**Assignment**:
The answer is the exact run of lines in the listing below from the line containing "Υπάρχει δυνατότητα προσωποποίησης" up to and including the line containing "Tento kôš v", with pictures removed.

**Available records**:
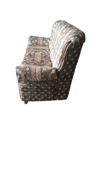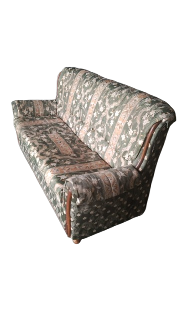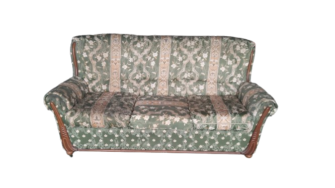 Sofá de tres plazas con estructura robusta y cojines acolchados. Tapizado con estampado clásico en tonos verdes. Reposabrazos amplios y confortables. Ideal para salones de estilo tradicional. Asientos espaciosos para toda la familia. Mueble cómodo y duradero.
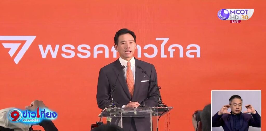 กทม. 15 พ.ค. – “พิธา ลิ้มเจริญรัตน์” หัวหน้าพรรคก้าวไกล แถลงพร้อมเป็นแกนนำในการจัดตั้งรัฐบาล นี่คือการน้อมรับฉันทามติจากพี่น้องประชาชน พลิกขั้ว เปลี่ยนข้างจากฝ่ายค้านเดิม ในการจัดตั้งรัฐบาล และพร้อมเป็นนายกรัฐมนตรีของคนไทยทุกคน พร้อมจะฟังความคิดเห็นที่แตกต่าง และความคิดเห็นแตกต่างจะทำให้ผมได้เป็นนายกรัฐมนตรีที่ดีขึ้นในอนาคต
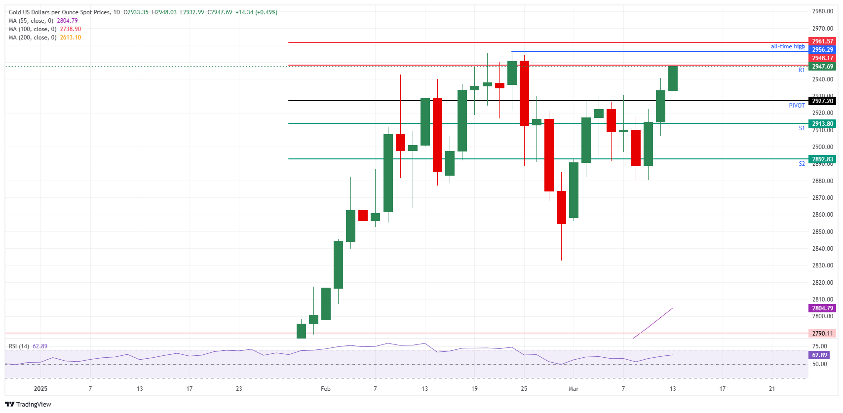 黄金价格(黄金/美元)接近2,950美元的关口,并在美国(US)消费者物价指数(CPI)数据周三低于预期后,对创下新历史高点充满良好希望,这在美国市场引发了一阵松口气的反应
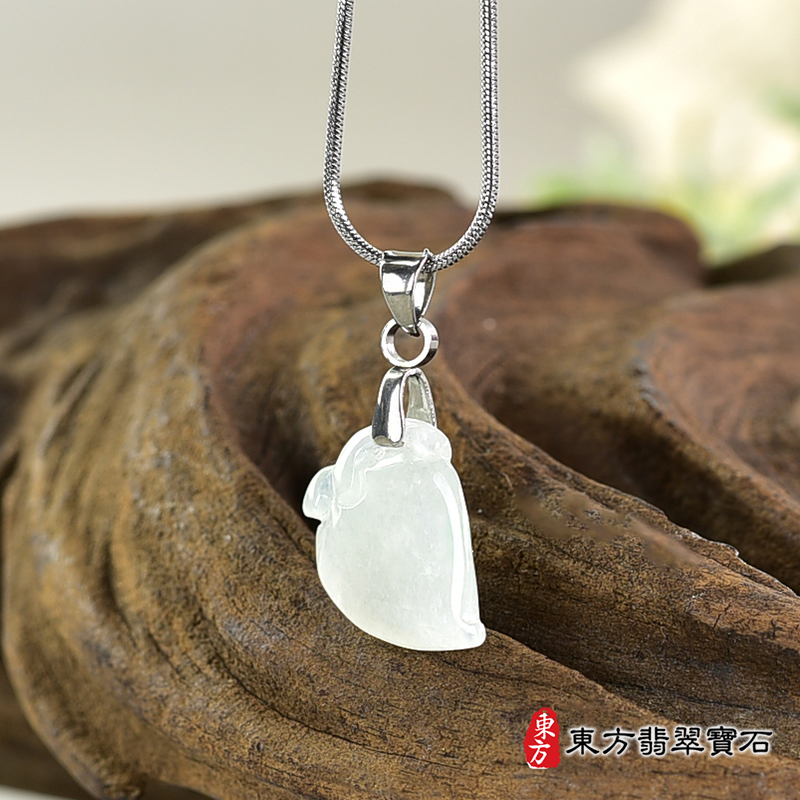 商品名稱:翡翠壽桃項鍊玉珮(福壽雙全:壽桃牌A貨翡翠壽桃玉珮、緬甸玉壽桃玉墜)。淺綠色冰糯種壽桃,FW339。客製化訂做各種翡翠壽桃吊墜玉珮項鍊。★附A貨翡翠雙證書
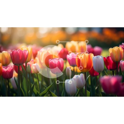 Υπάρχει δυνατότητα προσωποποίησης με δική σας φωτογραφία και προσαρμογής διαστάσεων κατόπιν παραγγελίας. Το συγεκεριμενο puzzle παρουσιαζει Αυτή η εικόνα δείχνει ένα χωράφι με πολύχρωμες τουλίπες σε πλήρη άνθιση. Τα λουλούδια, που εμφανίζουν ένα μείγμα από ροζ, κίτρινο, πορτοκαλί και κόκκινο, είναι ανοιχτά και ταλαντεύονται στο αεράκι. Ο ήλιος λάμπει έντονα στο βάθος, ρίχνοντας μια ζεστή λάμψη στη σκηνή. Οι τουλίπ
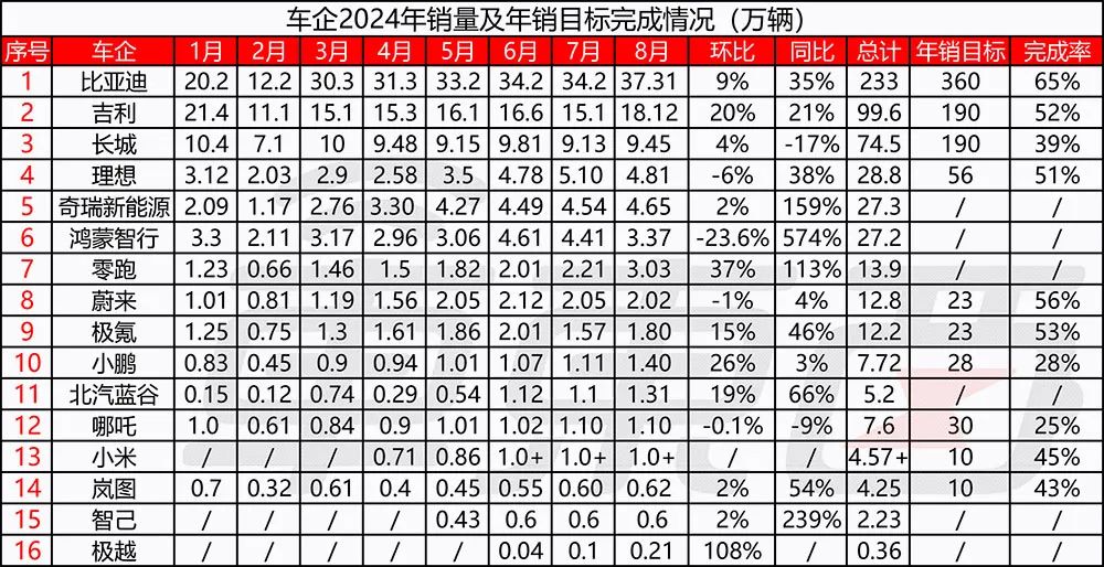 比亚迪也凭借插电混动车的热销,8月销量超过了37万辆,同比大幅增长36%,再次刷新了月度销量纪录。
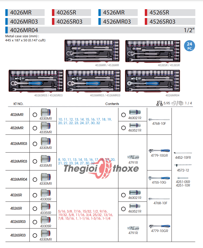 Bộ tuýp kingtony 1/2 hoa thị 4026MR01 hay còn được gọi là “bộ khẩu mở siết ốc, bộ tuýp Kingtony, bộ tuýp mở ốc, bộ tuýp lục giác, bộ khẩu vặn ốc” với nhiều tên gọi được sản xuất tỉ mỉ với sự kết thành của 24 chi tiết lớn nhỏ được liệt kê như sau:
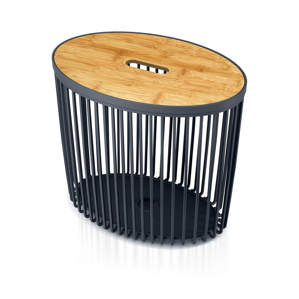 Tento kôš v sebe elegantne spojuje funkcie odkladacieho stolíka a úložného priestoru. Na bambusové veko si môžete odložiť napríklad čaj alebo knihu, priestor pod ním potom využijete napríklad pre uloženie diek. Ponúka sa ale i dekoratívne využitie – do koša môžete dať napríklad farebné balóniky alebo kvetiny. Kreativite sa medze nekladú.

--

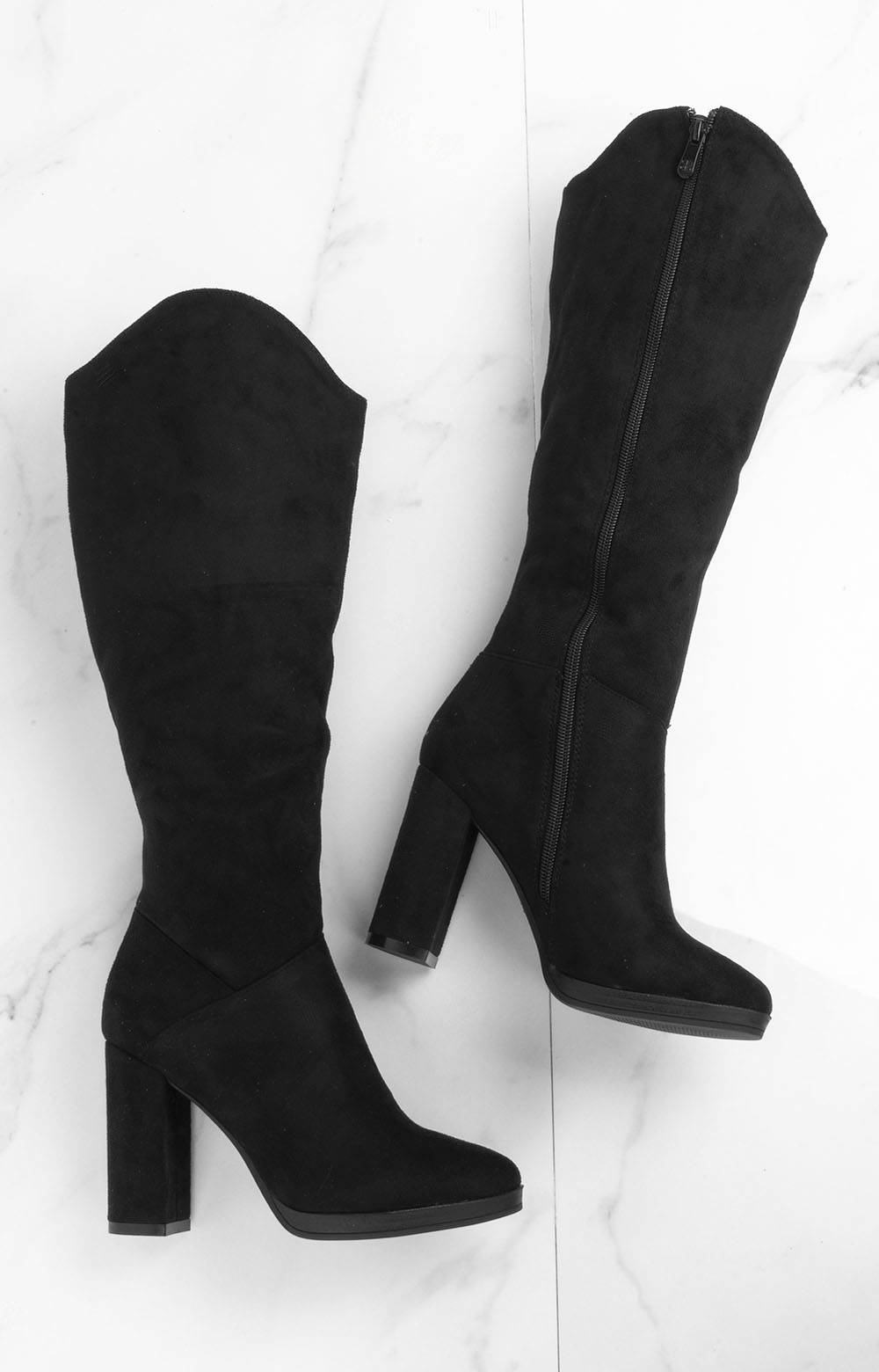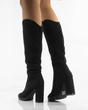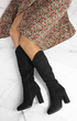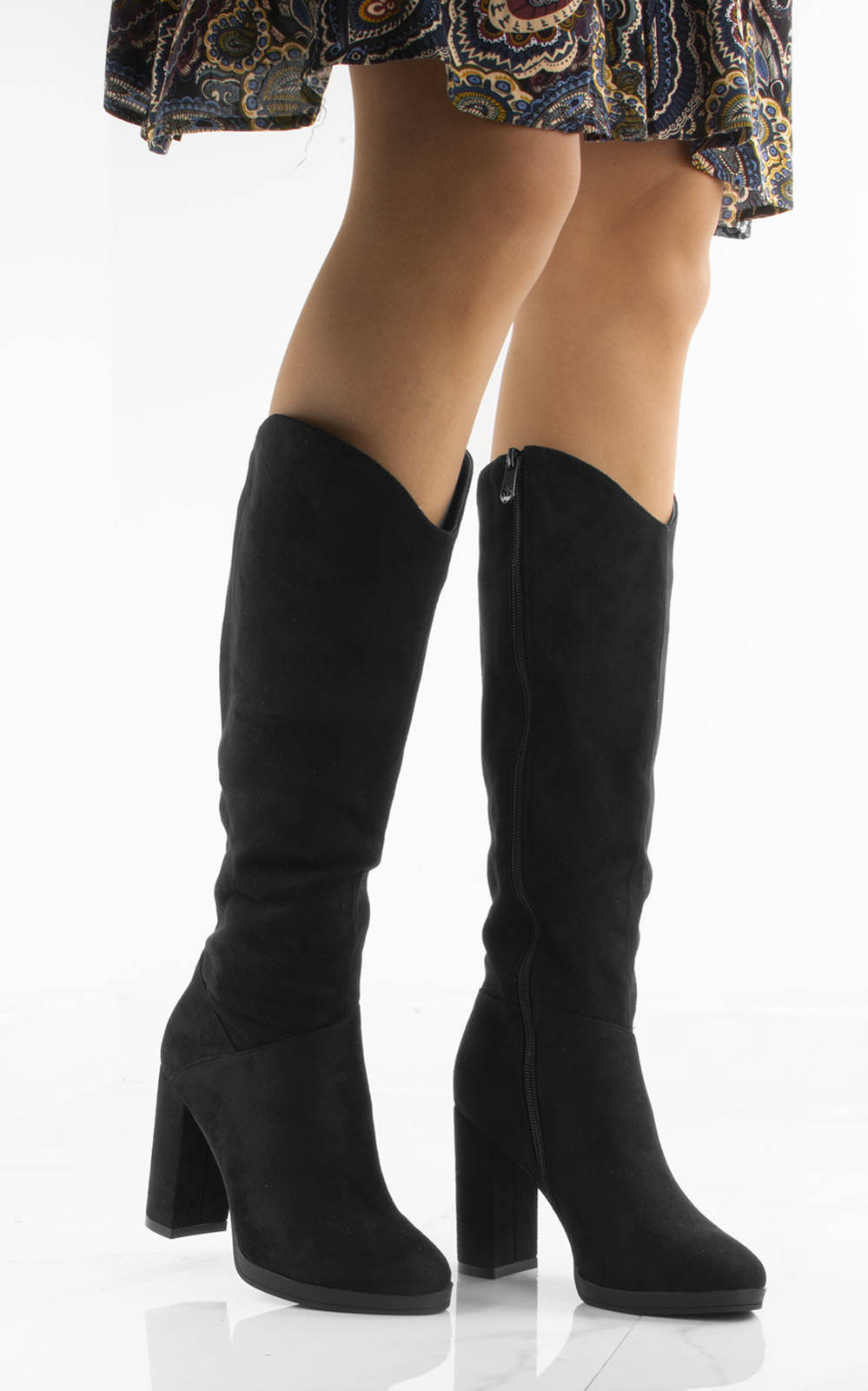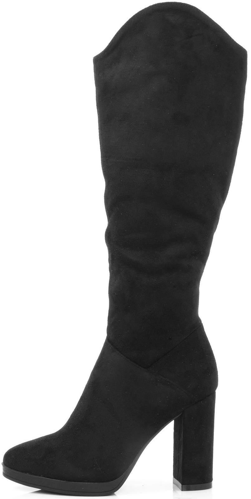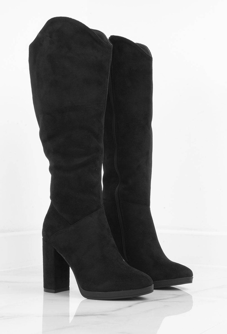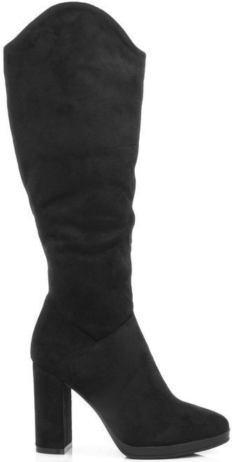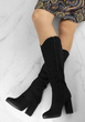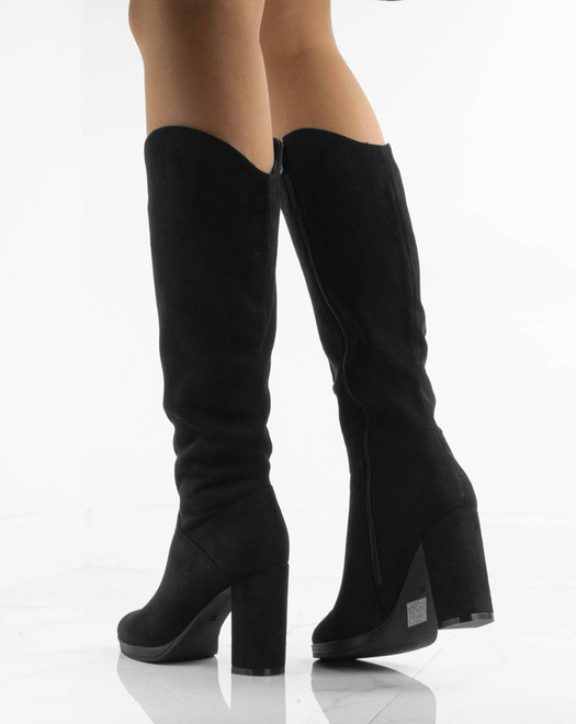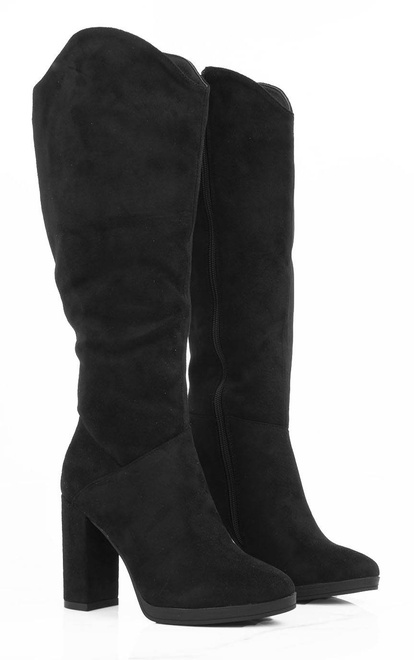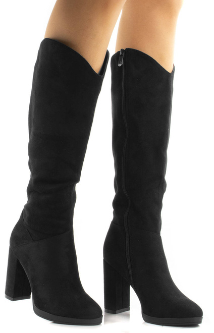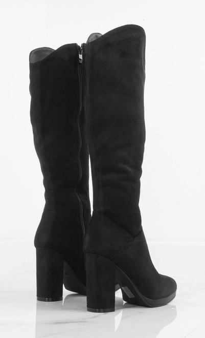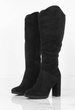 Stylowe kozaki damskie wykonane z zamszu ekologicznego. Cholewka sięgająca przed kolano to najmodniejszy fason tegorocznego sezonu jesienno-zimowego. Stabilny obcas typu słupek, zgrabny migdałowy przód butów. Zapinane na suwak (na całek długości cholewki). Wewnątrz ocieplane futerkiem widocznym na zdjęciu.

**Solution for this problem**:
 Υπάρχει δυνατότητα προσωποποίησης με δική σας φωτογραφία και προσαρμογής διαστάσεων κατόπιν παραγγελίας. Το συγεκεριμενο puzzle παρουσιαζει Αυτή η εικόνα δείχνει ένα χωράφι με πολύχρωμες τουλίπες σε πλήρη άνθιση. Τα λουλούδια, που εμφανίζουν ένα μείγμα από ροζ, κίτρινο, πορτοκαλί και κόκκινο, είναι ανοιχτά και ταλαντεύονται στο αεράκι. Ο ήλιος λάμπει έντονα στο βάθος, ρίχνοντας μια ζεστή λάμψη στη σκηνή. Οι τουλίπ
 比亚迪也凭借插电混动车的热销,8月销量超过了37万辆,同比大幅增长36%,再次刷新了月度销量纪录。
 Bộ tuýp kingtony 1/2 hoa thị 4026MR01 hay còn được gọi là “bộ khẩu mở siết ốc, bộ tuýp Kingtony, bộ tuýp mở ốc, bộ tuýp lục giác, bộ khẩu vặn ốc” với nhiều tên gọi được sản xuất tỉ mỉ với sự kết thành của 24 chi tiết lớn nhỏ được liệt kê như sau:
 Tento kôš v sebe elegantne spojuje funkcie odkladacieho stolíka a úložného priestoru. Na bambusové veko si môžete odložiť napríklad čaj alebo knihu, priestor pod ním potom využijete napríklad pre uloženie diek. Ponúka sa ale i dekoratívne využitie – do koša môžete dať napríklad farebné balóniky alebo kvetiny. Kreativite sa medze nekladú.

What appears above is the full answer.